Narwhal (Monodon monoceros) COSEWIC assessment and status report: chapter 9
Special Significance of the Species
Narwhals historically provided important staples in the traditional subsistence economy of the eastern Canadian Arctic and Greenland, and the hunt itself and the sharing of its proceeds continue to be of great nutritional, social and cultural significance for some communities (Brody 1976; Reeves 1992a, 1992b, 1993a; Remnant and Thomas 1992; Thomsen 1993; Reeves and Heide-Jørgensen1994; Stewart et al. 1995; Gonzalez 2001; Richard 2001). The large quantities of edible skin (10%), meat (25%), and oil (30-35% blubber) could sustain people and dogs in good health for a relatively long period (Mansfield et al. 1975; Reeves 1992a, 1992b, 1993a). Sinews were used for sewing thread, skin for laces, and tusks for tent poles, walking sticks, and the manufacture of hunting implements.
Today narwhals are hunted mainly for their ivory and skin (known variously as maqtaq, maktaq, muktaaq, and muktuk); the meat is seldom eaten if other meat is available, but is fed to dogs (Reeves 1992a, 1992b, 1993a, 1993b; Stewart et al. 1995; Gonzalez 2001; Richard 2001). Maqtaq is a highly valued food that in addition to its protein and caloric value is rich in vitamin C, zinc, retinol, and other essential nutrients (Geraci and Smith 1979; Kinloch et al. 1992; Wagemann et al. 1996).

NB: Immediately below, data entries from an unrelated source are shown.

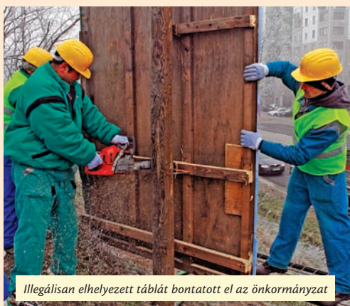
Illegálisan elhelyezett táblát bontott el az önkormányzat

A családi házak, társasházak előtti járdákon az ingatlanok tulajdonosainak kell gondoskodni a síkosságmentesítésről. Ha azért történik baleset, mert egy tulajdonos nem takarította le a járdát, kártérítési kötelezettsége, felelőssége keletkezik. Amennyiben a városgondnokságnak marad rá kapacitása, egy-egy olyan járdaszakaszt is megtisztít, ami eredetileg nem feladata.
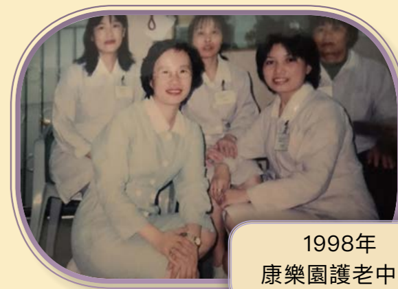
1998年 康樂園護老中心
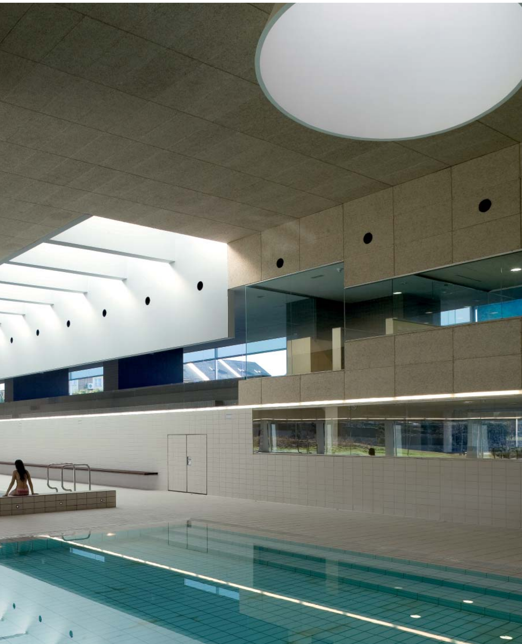
Eine durchgehende Decke und die horizontale Betonung unterstützen den geradlinigen Charakter. An uninterrupted ceiling and the horizontal accentuation reinforce the straight character.
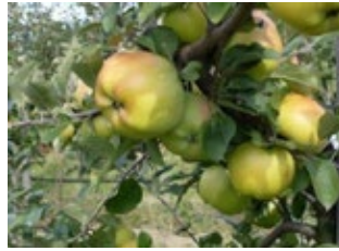
3. ábra. London pepin

Londoni pepin (syn.: Magyar kálvil, London pippin, Londonpepi): A XX. sz. közepén üzemi állománya Szabolcs-Szatmár-Bereg megyében 30,9 % (3. ábra). Domináns fajtaként ismerték. Igen kedvelt fajtánk volt. Szép termése sárga színű, finom hússzerkezetű. Kevésbé jól tárolható, bár a mai tárolástechnika, technológia melletti viselkedését nem ismerjük. Elsőrendű étkezési és kereskedelmi fajta. Hátránya az igényessége, a károsítókkal szembeni érzékenység. Hajlamos a magháztrohadásra. A szárazságot rosszul viseli.
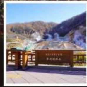
หุบเขานรกจิโกะคุดามิ
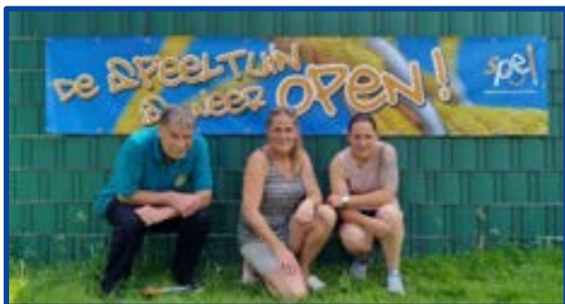
Vrijwilligers MIJN Speelpark West Kerkrade

Huis voor de Kunsten Limburg – Vereniging Kleine Kernen Limburg – Burgerkracht Limburg
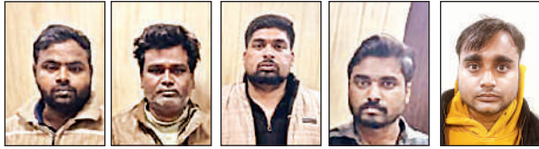
जीएसटी चोरी के आरोप में पकड़े गए अंतरराज्यीय गिरोह के सदस्य।

It is consumed locally or traded to other Inuit communities (Reeves 1993a, 1993b). Inuit prefer the maqtaq from young (black) narwhals, but all maqtaq is eaten (Reeves 1992a).
The ivory tusk of males is a valuable economic commodity and an important source of cash income for some coastal communities (Reeves 1992a, 1992b; Gonzalez 2001). The international value of the tusk gives hunters a strong incentive to hunt males with large tusks. This can strongly influence the nature and intensity of the hunt. A ban on the importation of narwhal ivory by the European Economic Community (EEC) caused the price of narwhal ivory to plummet in 1983/84, but it has since recovered due to the strong demand for narwhal ivory in Japan. Market interventions and price instability have had serious ramifications for Inuit communities in the past and are likely to affect the cost and rewards of narwhal hunting in the future as well (Reeves 1992b).
Prices paid to Arctic Bay hunters for both maqtaq and ivory approximately doubled between 1975 and 1990 (Reeves 1992a, 1993a). This price surge appears to have been driven by export demand in Iqaluit, where local hunting cannot satisfy the demand for maqtaq, and by the willingness of Arctic Bay residents to buy maqtaq rather than rely on traditional caching and sharing arrangements. If it is correct to assume, as the Government of Canada has done, that narwhal hunting is primarily a food quest and that ivory is only a by-product (Yaremchuk and Wong 1989), then the demand for maqtaq may ultimately be a more critical factor when considering narwhal conservation (Reeves 1993b).
The narwhal also has special significance to the broader world community. Ecologically it is important as the only species in its’ genus, as a key link in the Arctic food chain between Arctic cod and humans or killer whales, and for its ability to inhabit frigid Arctic waters and dive to great depths. It generates avid public interest because of its unique “unicorn” tusk and remote habit, particularly as it has not been successfully displayed in captivity. Its tusk has also been used to make handicrafts and, in the orient, for traditional medicine.